February 26th, 2010 @ 2:51 pm
Something didn’t sit right with me in the statement that breast cancer and AIDS have “similar death rates”, so I looked around a bit.
Google for “breast cancer mortality rate”: breast cancer has a 5-year survival rate of around 80-90%, and estimates of 10- and 20-year survival rates seem to be around 75% and 65%, respectively.
Google for “HIV/AIDS mortality rate”: in the absence of treatment, median survival is 8-13 years post-infection, but with HAART long-term survival rates may be as high as 90%, where “long term” seems to imply a similar life expectancy to the uninfected population (although I guess that drug side-effects would cut into that prognosis pretty hard).

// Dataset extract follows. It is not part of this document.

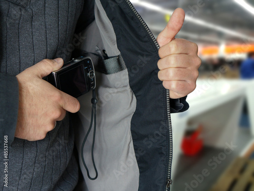shoplifting, thief, digital camera, robbery, stick in, department store, swipe, crime, criminal, steal, behaviour
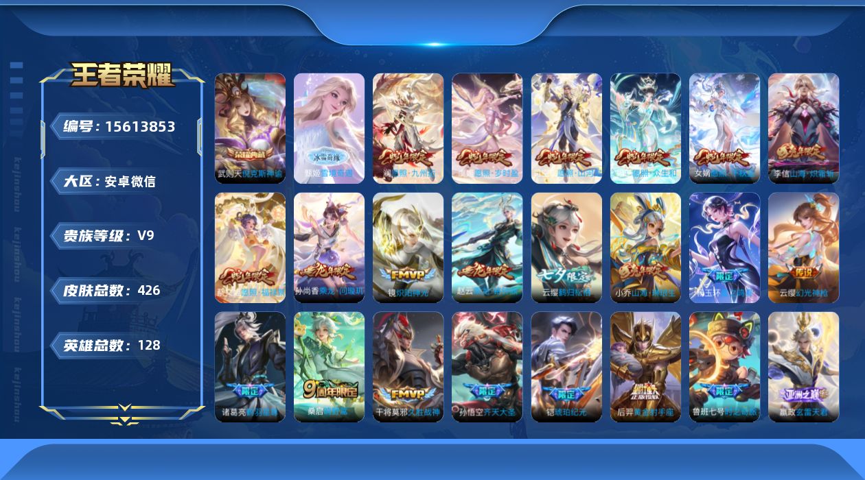 [15613853]安卓WX-V9-最强王者段位-满蛇年!-128英雄-426皮肤-1典藏皮肤-1典藏英雄-1无双-30传说-147史诗

All in all, for an acknowledged apples-to-oranges comparison, it turns out that brca and HIV/AIDS really do have broadly similar death rates. I think it just “felt wrong” because of the point you make about lifelong Rx for HIV/AIDS, compared to intermittent chemo/radio for cancer.
It’s a useful contrast: no one blames you for getting breast cancer, or wants to know how you got it before they decide whether you deserve treatment!